Monday, May 11, 2009

X-Plane 930 Performance and Crashes

I have received a number of emails bringing up crashes and performance problems in the X-Plane 930 betas - some of the writers are concerned that 930 might be a lame patch, going final with crashes and lousy performance.

To assuage this concern, let me make a few comments on where we are in the beta process, the likely future schedule, and the problems themselves.

The Schedule

X-Plane 930 has been an absurdly long beta. Going into the beta I had the mindset that we should take the beta slowly to have time to discover driver bugs on a wide variety of hardware - why rush and miss something?

I think we took this too far.

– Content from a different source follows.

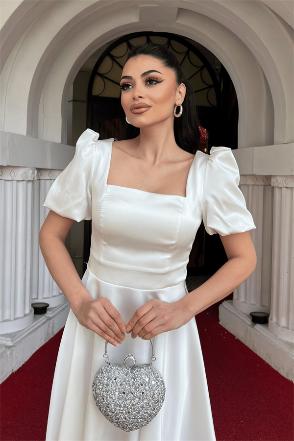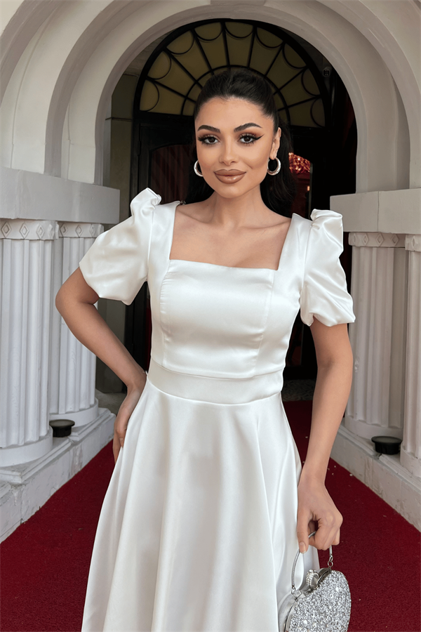 Saten Kumaş Balon Kol Mini Elbise - BEYAZ

To run a "slow" beta we have run other development simultaneous to the beta, but that in turn has stretched the beta to epic lengths.

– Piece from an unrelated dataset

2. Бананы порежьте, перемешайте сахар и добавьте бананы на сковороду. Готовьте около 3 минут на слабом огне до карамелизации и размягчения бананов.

We are starting to try to clamp down and close out the beta now, but it is going to get interrupted again. Austin and I will be traveling to attend the X-Plane conference in France, and from there we will spend two weeks working with Sergio in Italy. Given how rarely we go to Europe, we cannot pass up the opportunity to work with Sergio in person - we have a few problems in the sim where getting the three of us in one room is the best course of action.

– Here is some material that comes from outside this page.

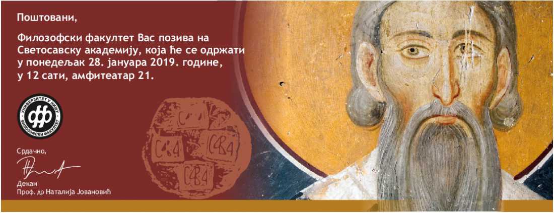 Обавештавамо све поштоваоце дела Светог Саве да ће се традиционална Светосавска академија одржати 28. 1. 2019. године у 12 сати у амфитеатру бр. 21.

Unfortunately our internet connectivity during the trip will be limited, and we can only bring some of our equipment, so closing out the beta while on the road is really not an option. Thus there will be yet another beta delay. Hopefully when we return, we can close the beta out for good.

Performance Problems

I have seen a number of emails regarding framerate with 930. A few notes on framerate and betas:

I try to save framerate for last in a beta. Most performance problems have two possible causes.
  1. We communicate with the video card driver in a way that is fast on our systems but astoundingly slow on other systems. We discover this from slow performance in a particular piece of the code on other hardware.
  2. The new beta does something new that is more expensive than what the old build did, and users have not figured out how to (or do not have a way to) turn this more expensive option off.
The solution to case 1 is to use another driver call; the solution to case 2 is to make sure the rendering options provide a way to turn the feature off. (We simply cannot guarantee that a new, nicer looking feature run without a fps penalty - we can only give you a choice between better visuals and faster fps.)

Either way, framerate work tends to be the last thing on my beta list for this reason: other bug fixes may cause framerate problems, typically in category 1 - that is, a bug fixes makes use of a new driver call that we find out has hurt performance. Thus I try to do all performance fixes at the end of beta when we won't be adding new code.

This means that in practice, I have spent nearly zero time looking at performance. I am just starting that process this week, so it will be a little bit before I find problems.

Unfortunately often performance problems manifest only in the hardware I do not own - despite having a pile of computers in my office (a pile that seems to grow deeper and less manageable every year) there are just a ton of systems out there. So a lot of the performance bugs will get fixed by users trying experiments and reporting back to me - a slow process despite some of the really great efforts by our users.

Crashes

Crashes sometimes are manifestations of gross code defects, but often they fall into the category of driver problems too. I will be working to piece together the puzzle of strange behavior over the next few weeks; usually the solution is to not do some action that we thought was legal but fails in some hardware cases.

Don't Panic

As always, my final message regarding the beta is: don't panic. When it gets quiet over the next few weeks, it is because of travel, and even once Austin and I are back in the office, it will be slightly slow going to piece together problems on hardware other than our own.